## Task directions
Set down the data again exactly. Pictures are not part of the copy.

## Information supplied
== == ==

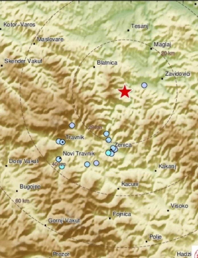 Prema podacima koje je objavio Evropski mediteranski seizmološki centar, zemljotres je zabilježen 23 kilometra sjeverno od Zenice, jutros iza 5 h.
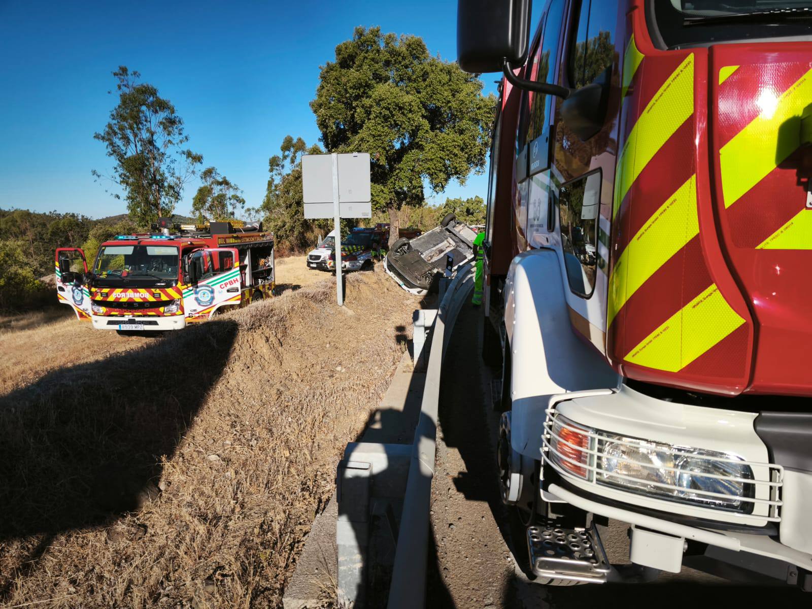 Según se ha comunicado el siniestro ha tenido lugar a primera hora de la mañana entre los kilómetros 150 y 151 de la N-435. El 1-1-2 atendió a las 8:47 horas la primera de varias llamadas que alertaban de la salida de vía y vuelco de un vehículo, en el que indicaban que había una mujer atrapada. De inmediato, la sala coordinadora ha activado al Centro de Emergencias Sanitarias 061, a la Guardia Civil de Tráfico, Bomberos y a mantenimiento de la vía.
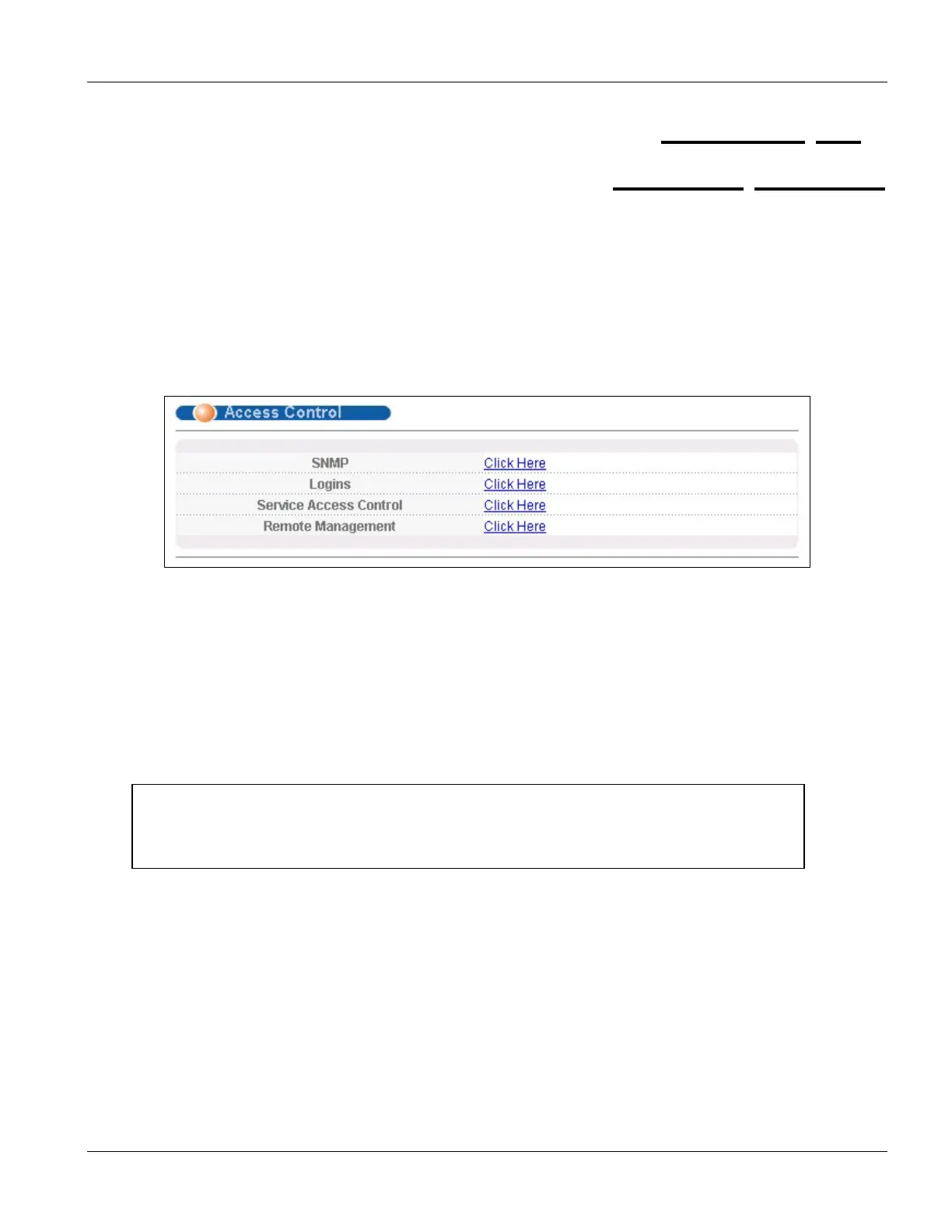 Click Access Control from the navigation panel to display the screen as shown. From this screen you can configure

== == ==

## Task result
 Prema podacima koje je objavio Evropski mediteranski seizmološki centar, zemljotres je zabilježen 23 kilometra sjeverno od Zenice, jutros iza 5 h.
 Según se ha comunicado el siniestro ha tenido lugar a primera hora de la mañana entre los kilómetros 150 y 151 de la N-435. El 1-1-2 atendió a las 8:47 horas la primera de varias llamadas que alertaban de la salida de vía y vuelco de un vehículo, en el que indicaban que había una mujer atrapada. De inmediato, la sala coordinadora ha activado al Centro de Emergencias Sanitarias 061, a la Guardia Civil de Tráfico, Bomberos y a mantenimiento de la vía.
 Click Access Control from the navigation panel to display the screen as shown. From this screen you can configure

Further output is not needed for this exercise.